Lorsqu’on parle d’autisme, il n’y a aucune altération génétique. L’autisme est une prédisposition génétique que nous pouvons avoir dans notre phénotype et donc, transmettre à nos enfants ou non, selon plusieurs facteurs qui entrent en jeu. Au niveau génétique, nous pourrions comparer l’autisme à toutes autres caractéristiques humaines, telle la couleur de yeux, de cheveux, de peau. Bien que différent, aucun de ces traits n’est pathologique. 

Lorsqu’on parle de syndrome génétique, il y a des altérations génétiques fréquentes, des mutations fréquentes. Dans certains cas, ces syndromes sont aussi dégénératifs.

Certains comportements observables peuvent sembler se ressembler entre l’autisme et certains de ces syndromes : langage tardif, écholalie, évitement du contact visuel, mouvements répétitifs, hypersensibilité aux stimuli, anxiété, agressivité, etc. 

En autisme, ces comportements sont souvent mal compris et donc mal interprétés. Lorsque nous connaissons bien l’autisme, nous savons que ces comportements sont en lien avec le cerveau perceptif et font soi parti du développement normal et de la personnalité de la personne ou ils ont une source explicable et que l’environnement peut être amélioré en conséquence (anxiété, agressivité, opposition, automutilation). 

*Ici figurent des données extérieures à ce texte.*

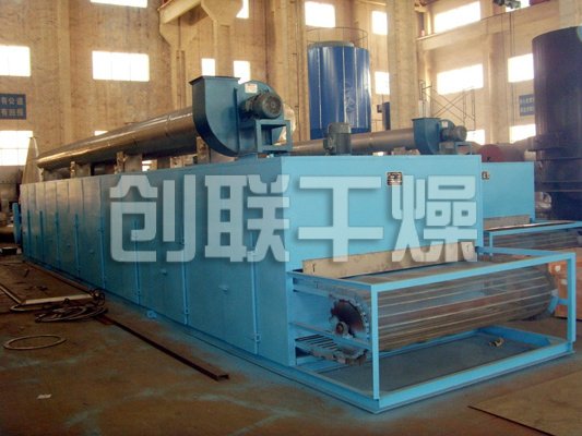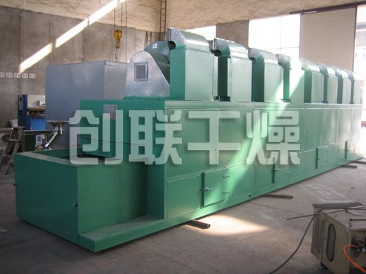 物料由加料器均勻地鋪在網(wǎng)帶上,網(wǎng)帶一般采用12-60目不銹鋼絲網(wǎng),由傳動(dòng)裝置拖動(dòng)在干燥機內移動(dòng)。干燥機由若干單元組成,每一單元熱風(fēng)獨立循環(huán),部分尾氣由專(zhuān)門(mén)排濕風(fēng)機排出,廢氣由調節閥控制,熱氣由下往上或由上往下穿過(guò)鋪滿(mǎn)物料的網(wǎng)帶完成熱量與質(zhì)量傳遞的進(jìn)程,帶走物料水份。網(wǎng)帶緩慢移動(dòng),運行速度可根據物料溫度自由調節,干燥后的成品連續落入收料器中。上下循環(huán)單元根據用戶(hù)需要可靈活配備,單元數量亦可根據需要選取。
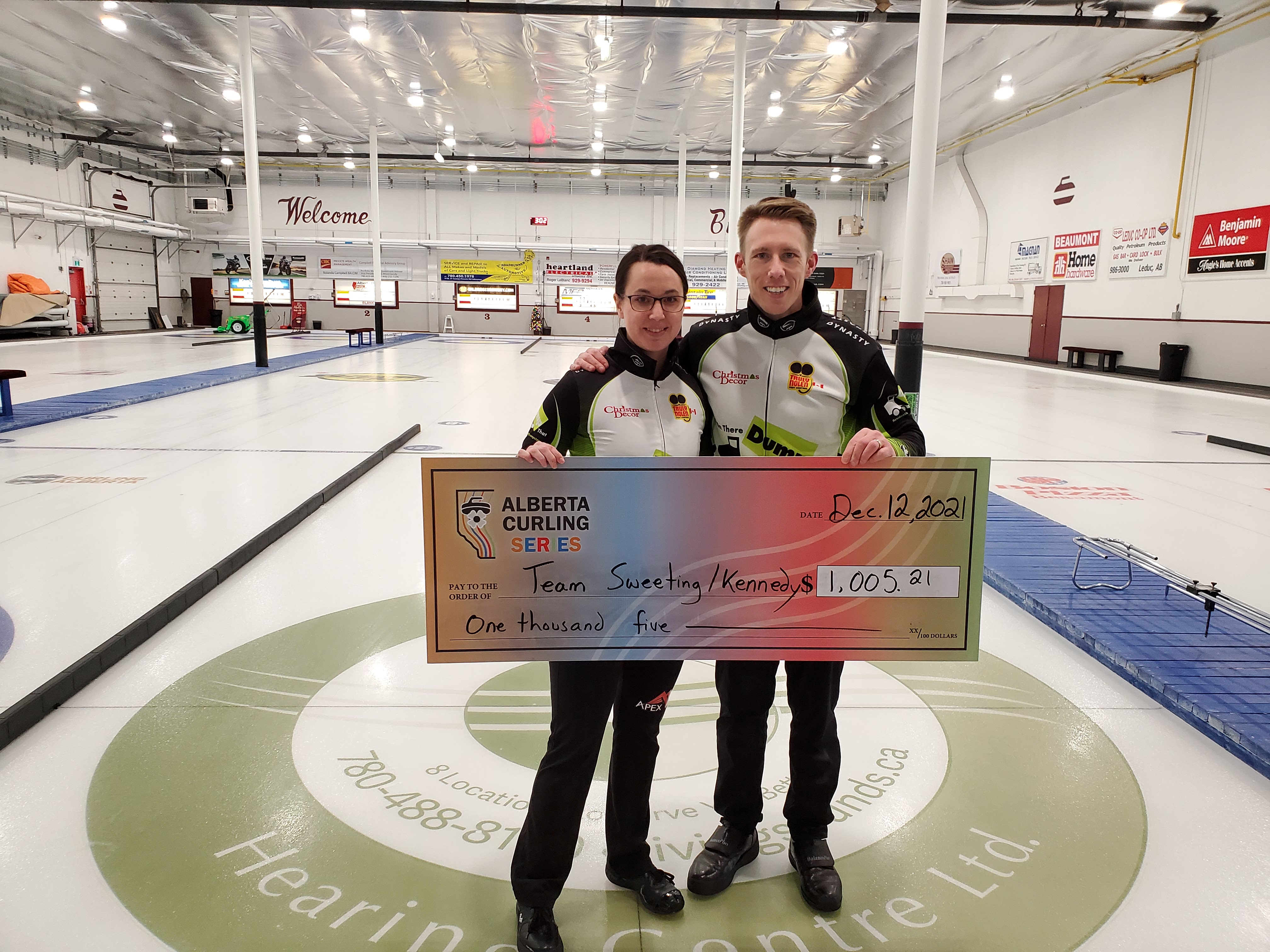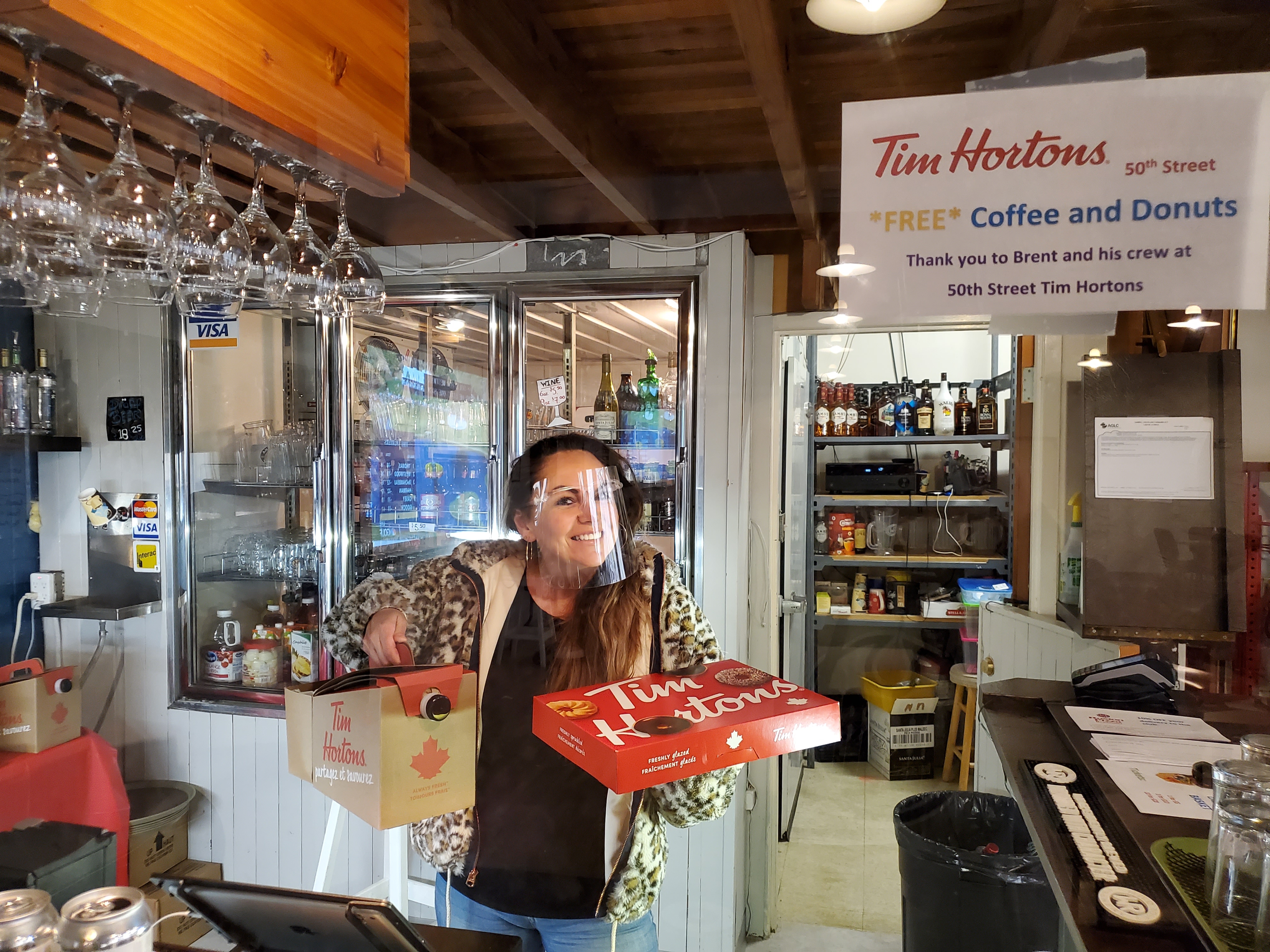 When a curler makes a DOUBLE TAKEOUT, they grab the Tim Hortons Double Double board and places it behind their sheet. If they still have that board by the end of the night (as long as no one else made a DOUBLE TAKEOUT and stole it), they go home with a Tim Hortons gift card, courtesy of the 50th Street Tim Hortons here in Beaumont!
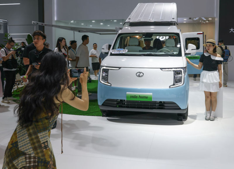 ??9月5日,觀眾在智博會現場參觀新能源房車。新華社記者 陳誠 攝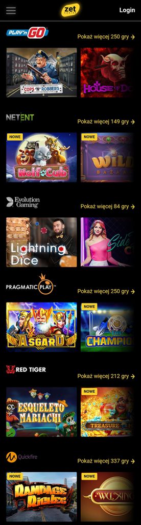 Zet Casino ma wszystkich liczących się producentów gier a co za tym idzie gier do wyboru są tysiące. Na zrzucie ekranu widać tylko mały wycinek tego co mają w ofercie. Zwróć uwagę na liczbę gier przy każdym producencie.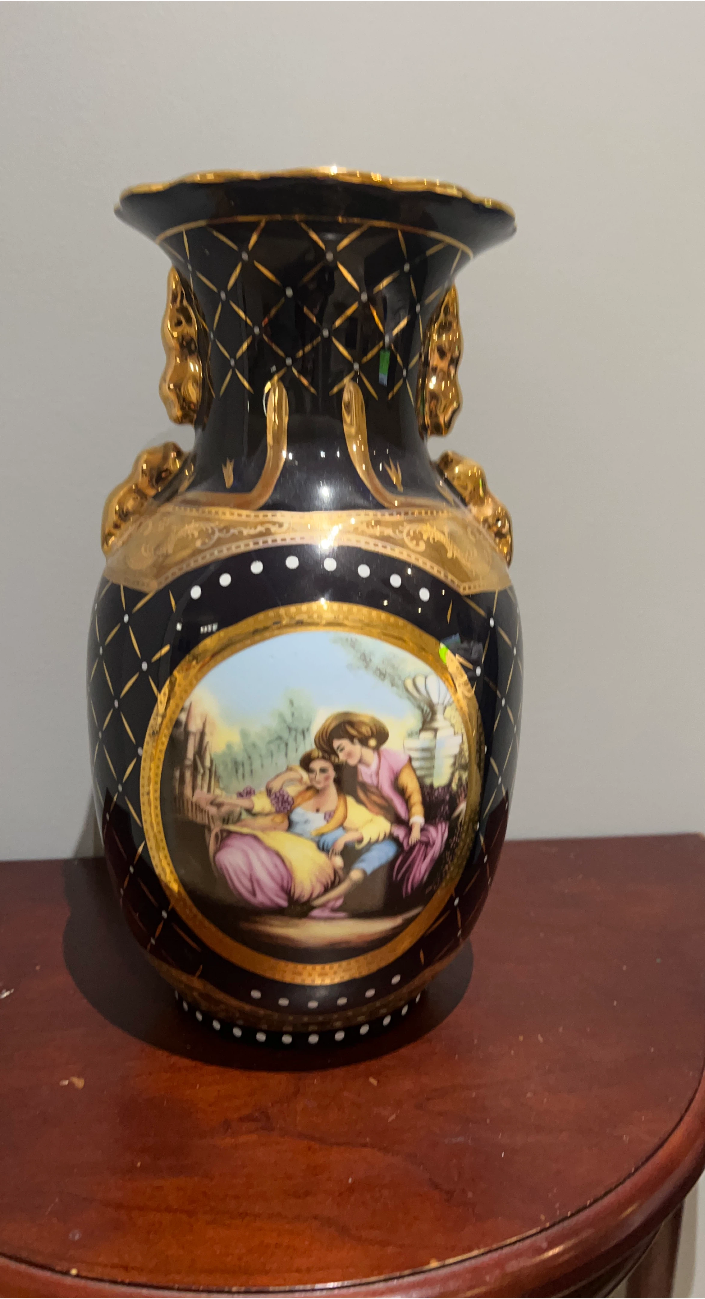Beautiful decorative vase with a black and gold design! It features an elegant image and ornate details. Perfect for adding a touch of sophistication to any room

La recherche, peu importe le domaine, est importante. Elle permet d’améliorer les connaissances, de mieux comprendre, d’évoluer. 

Je crois par contre qu’il est nécessaire de s’interroger sur les motifs lorsqu’on fait de la recherche en génétique. Lorsque ces dites recherches ont pour objectifs le dépistage précoce d’un variant humain…le chemin nous conduit tout droit vers l’eugénisme de celui-ci, en l’occurrence, l’autisme, une autre forme d’intelligence indispensable à l’humanité.